Steggall Abbey, Mordi Ify R, Lang Chim C
School of Medicine, Flinders University, Adelaide 5042, Australia.
Division of Molecular and Clinical Medicine, Mailbox 2, Ninewells Hospital and Medical School, University of Dundee, Dundee DD1 9SY, UK.
Diseases. 2017 May 10;5(2):14. doi: 10.3390/diseases5020014.

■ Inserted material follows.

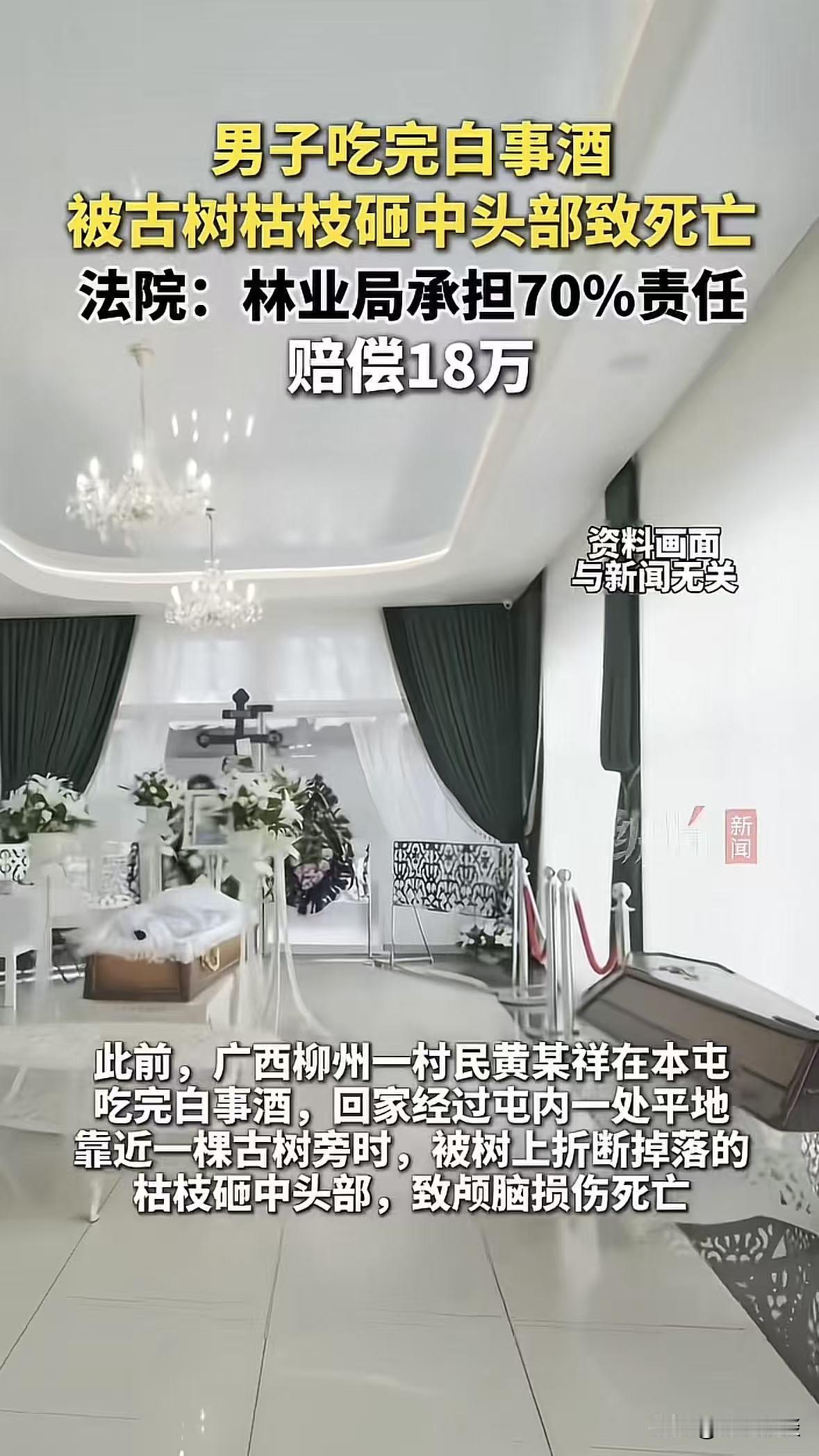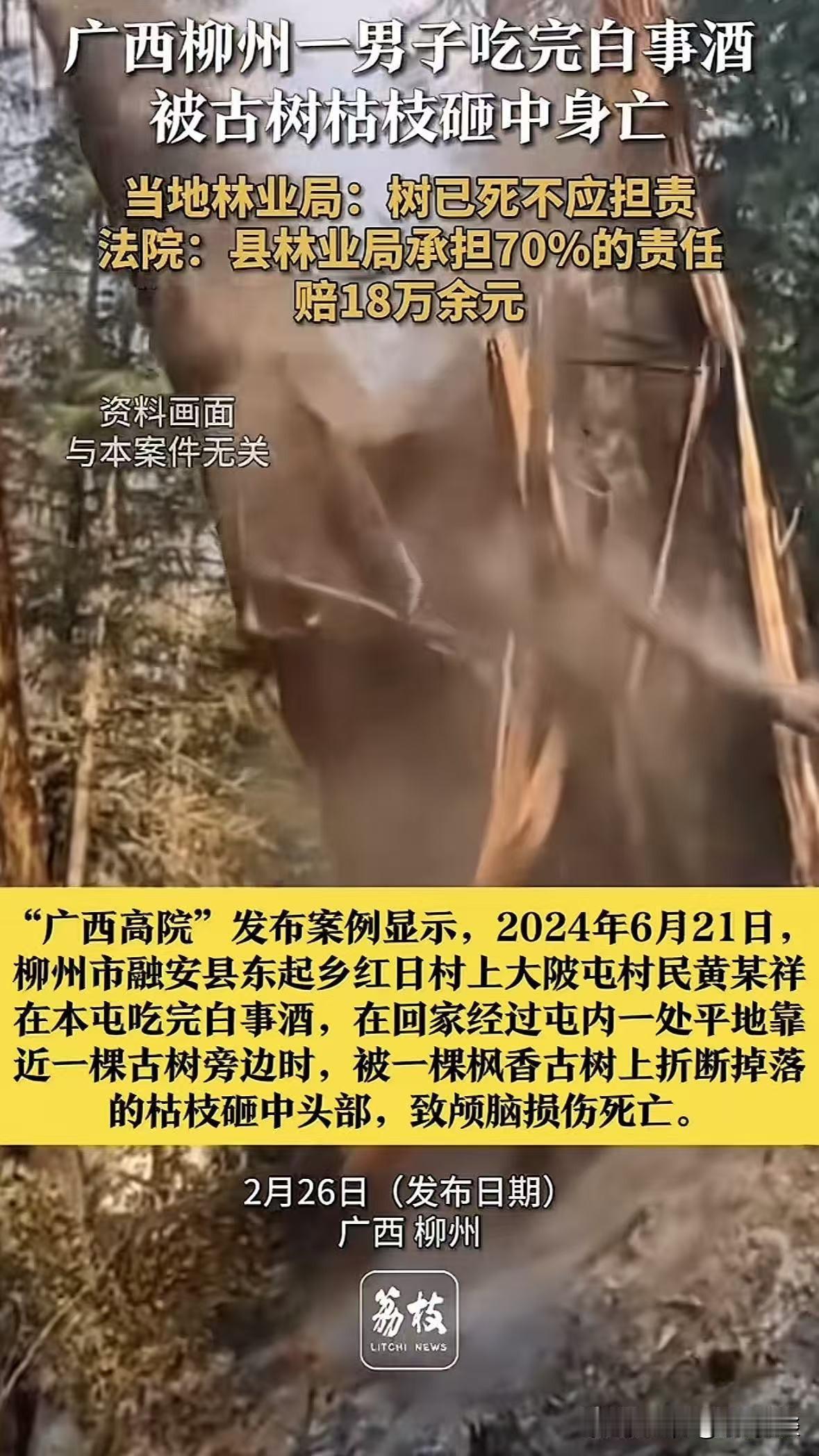广西柳州,男子酒后回家路上,被一颗160年树龄的枫香古树上的枯枝,砸中头部,致颅脑损伤离世,男子家属得知此事悲痛欲绝,两个月前这树就掉过树枝砸到过村民的房子,村里找相关部门处理,一直没等到解决,现在直接把人砸没了,男子家属找古树所属人要求追究责任,对方告诉他们这树之前出事已经跟林业站报告过,让他们去找林业局,可林业局又说这古树已经枯死已经注销,自己不应承担管理人责任,男子家属一气之下将他们一起告上法庭,没想到法院最后这样判了! 谁能想到,吃完一场白事酒回家的路上,竟会被一棵枯树的枝丫砸中,直接丢了性命。 2024年6月21日,村民黄某祥刚参加完村里的白事酒,心里还揣着几分伤感,慢悠悠往家走。 路过村头那棵160年树龄的老枫香树时,头顶上一根粗壮的枯枝突然断裂,狠狠砸中了他的头部。 由于太突然,巨大的冲击力让他瞬间倒地,连个求救的机会都没有,就没了意识。 后来有村民路过,看到黄某祥倒在地上,赶紧叫人来把他紧急送到医院。 可天不遂人愿,还是没能抢救回来,最终因颅脑损伤离世。 一条鲜活的生命,就这么猝不及防地没了,家人的天,瞬间塌了。 其实而这棵夺人性命的枫香树,可不是普通的树,它树龄足足160年,是挂牌保护的古树。 可这棵树其实早就病入膏肓了,树干枯朽不说,之前还掉过枝丫砸中过村民的房子。 村里发现隐患后,在2024年4月就上报给了林业部门,希望他们来处理。 可林业局不知道当时咋想的,在5月的时候,直接注销了这棵树的古树名录。 可这事就只在内部走了流程,既没跟村委、村民通报结果,也没摘掉树上的保护牌,更别说派人来修剪枯枝、清理隐患。 那棵枯树就还立在原地,枝丫摇摇欲坠,直到把发生了砸人事后,发生了无法挽回的杯句。 黄某祥的家属咽不下这口气,将古树的管理人及林业局均告上了法庭,要求他们为亲人的离世讨个说法。 可庭审中,林业局却理直气壮地辩称,这棵树已经死亡并被注销古树名录,他们不再负有管理责任,不该担责。 家属不理解,难道树死了,就没人管了?明明知道有危险,放任不管,最后出了人命,就可以全身而退? 好在法院的判决,给了家属一个公道。 《民法典》第1275条:因林木折断造成他人损害,林木的所有人或者管理人不能证明自己没有过错的,应当承担侵权责任。 林业局只是内部注销了古树,既没公示,也没做任何排险处理,说白了,管理责任压根就没灭失。 作为法定的管理者,他们明知古树有严重的安全隐患,却迟迟不采取有效措施,这就是实打实的重大过错。 最后判决,融安县林业局承担70%的赔偿责任,赔偿黄某祥家属死亡赔偿金、丧葬费、精神抚慰金等共计182627.90元。 可林业局不服提起上诉,二审经过审理驳回上诉,维持原判。 说到底啊,这事儿根本不是树死不死的问题,是做事的人有没有责任心的问题。 树枯了有隐患,上报了就该实打实处理,不是躲在办公室里走个内部流程就完事了。 村民的命是实打实的,安全更是容不得半点糊弄和推诿,但凡早一步把枯枝清了,也不会出这人命悲剧。 虽然钱赔了,但黄某祥的生命再也回不来了,那笔18万的赔偿,不管怎样也弥补不了家属心中的伤痛。 只希望这事能给所有管事的提个醒,手里的责任卸不掉,该办的事别偷懒,不然到头来,终究要为自己的行为买单! 对此,你怎么看这件事! @静心法谈 学法辨是非,慬法不吃亏。

Despite significant improvements in morbidity and mortality with current evidence-based pharmaceutical-based treatment of heart failure (HF) over the previous decades, the burden of HF remains high. An alternative approach is currently being developed, which targets myocardial energy efficiency and the dysfunction of the cardiac mitochondria. Emerging evidence suggests that the insufficient availability of ATP to the failing myocardium can be attributed to abnormalities in the myocardial utilisation of its substrates rather than an overall lack of substrate availability. Therefore, the development of potential metabolic therapeutics has commenced including trimetazidine, ranolazine and perhexiline, as well as specific mitochondrial-targeting pharmaceuticals, such as elamipretide. Large randomised controlled trials are required to confirm the role of metabolic-modulating drugs in the treatment of heart failure, but early studies have been promising in their possible efficacy for the management of heart failure in the future.
尽管在过去几十年中,基于循证药物的心力衰竭(HF)治疗在发病率和死亡率方面取得了显著改善,但HF的负担仍然很高。目前正在开发一种替代方法,该方法针对心肌能量效率和心脏线粒体功能障碍。新出现的证据表明,衰竭心肌中ATP供应不足可归因于心肌对其底物利用的异常,而非底物供应的总体缺乏。因此,已经开始开发潜在的代谢疗法,包括曲美他嗪、雷诺嗪和哌克昔林,以及特定的线粒体靶向药物,如依拉米肽。需要大型随机对照试验来证实代谢调节药物在心力衰竭治疗中的作用,但早期研究对其未来治疗心力衰竭的可能疗效很有前景。